焼くのはお父さんと雅紀君の役目……だったんだけど、お父さんはお酒が入っちゃったせいか、なんだか気持ち良くなっちゃったみたい。
「雅紀、お前がイタズラしたんでねえだろうな」
「やるわけないだろ。そもそも俺たちだって田んぼにいたんだし」
大人たちはオクナイサマの一件を、誰かのたちの悪いイタズラだと決めつけてるみたい。
「あんなのやるのは雅紀しかいないよ」
「うまい事やったんだろう」
「そんなはずないじゃん。考えてみてよ。俺にそんな悪知恵が働くはずないだろ」
「それもそうだな」
「雅紀の仕業ならすぐバレるわ」
はっはっはっと笑い声が溢れ、雅紀君は「ちぇっ」と口を尖らせた。
お母さんやお爺ちゃんにもからかわれる雅紀君。この人、学校でも家でもいじられキャラなんだなぁ。
それでも雅紀君はへそを曲げるわけでもなく、頭にタオルを巻いて一生懸命グリル係を務める。
バーベキューはお肉もいっぱいだけど、焼き鳥とかホタテ、エビもあってとっても豪華。とりたてのアスパラバスの一本焼きもほくほくしてすごく美味しい。
「もしかすると、オクナイサマが手伝ってくれたのかもしんねえな」
突然言い出したのはお婆ちゃん。
「昔の人はよく言ったもんじゃ。今年もオクナイサマに助けてもらったぞ、とな」
「助けてもらう?」
「あぁ。雨が降りそうだとか、人手が足りないなんていうと、どこからともなくいつの間にか知らん子が手伝いに混ざっているなんて事がよくあったそうな。お礼に飯でもごちそうしようと思うと、いつの間にか姿を消してしまう。そんな時は、きっとオクナイサマに違いないと感謝したもんじゃよ」
思わず固まった。
それって……まるっきりあの男の子と一緒だ。
「ばあ、何言ってんだ。昔話じゃあるまいし。さては雅紀、お前それを狙ったんだな」
「し、知らないよー。そんな話、今初めて聞いたし」
お父さんたちは笑い飛ばしたけど、わたしは胸がバクバクするのを抑えられなかった。
「へぇー、オクナイサマってそんな言い伝えがあったんだね」
「そうじゃよ。オクナイサマは家の守り神でもあり、農業の神様でもあるんじゃ。先祖代々お世話になって来たんだし、これからも大事にせんといかんよ」
おばあちゃんはにこにこと優しく微笑みながら、郷介君にさとした。
そういえば……あの男の子も、雅紀君とは先祖代々の付き合いだって言ってたっけ。
やっぱりそうだ。
間違いなくあの男の子は、オクナイサマだったんだ。
たまたま通りかかった准君は、すぐにその正体に気づいたんだろう。だからあんな、おかしそうな反応をしたんだ。

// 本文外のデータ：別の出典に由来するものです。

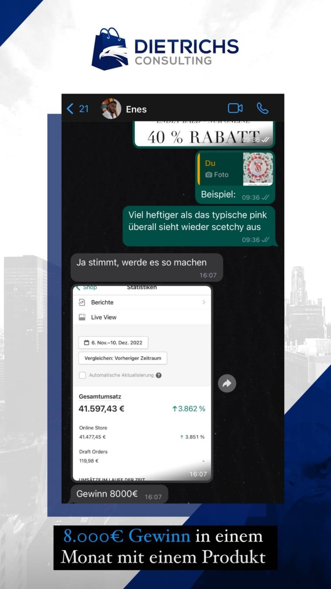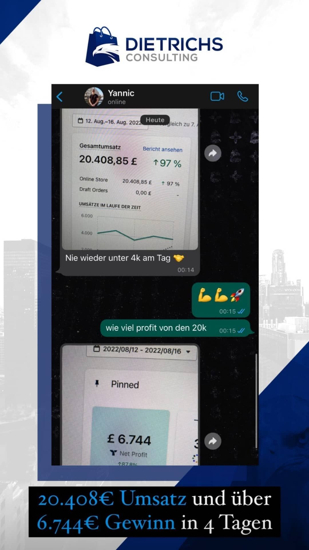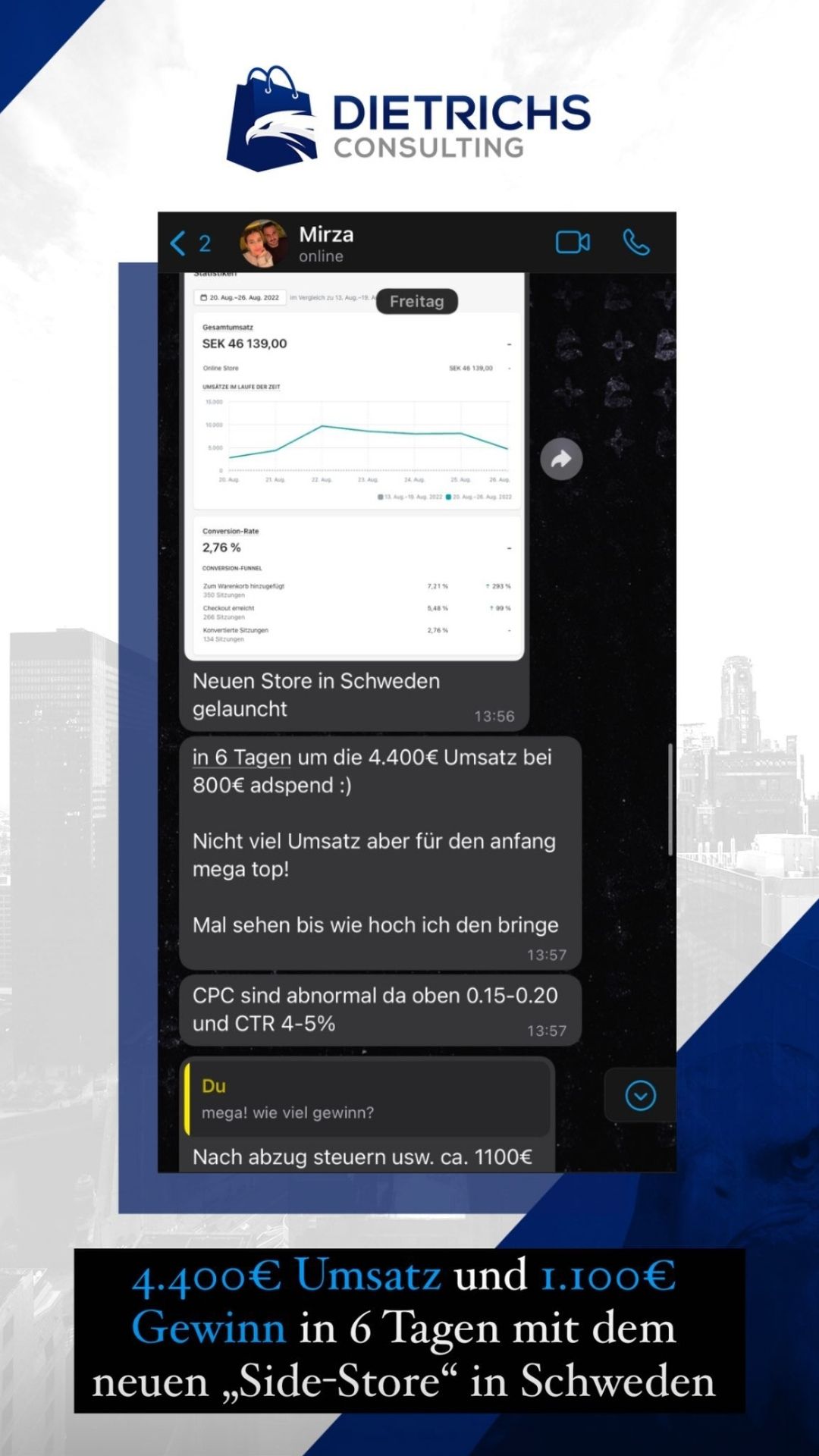 “Ich war auf der Suche nach einem Dropshipping Coach. Andere Coaches haben regelmäßig dieselben Kundenergebnisse gepostet, wobei Mik’s eigene Erfolge und die Vielzahl an Kundenergebnisse im Dropshipping der Grund waren, warum ich mich für ein Coaching bei ihm entschieden habe”

だったらそう教えてくれれば良かったのに。友達だとか言ってたくせに。
「……どうしたの美国ちゃん? 食べないの?」
「あ、ううん。ごめん。ちょっと考え事してて」
顔をのぞき込む里花ちゃんに気づいて、慌てて言いつくろう。
「ほら、メロンむいたからおたべー」
お盆にいっぱいのメロンを並べたお母さんがやってきて、わたしたちはわーいと飛びついた。
すごく甘くて美味しーい! メロンの旬って五月なんだって!
なんてメロンに
この村に来てから不思議なモノに出会ってきたけど、一番不思議なのって准君かもしれない。あの人が一番わからないや。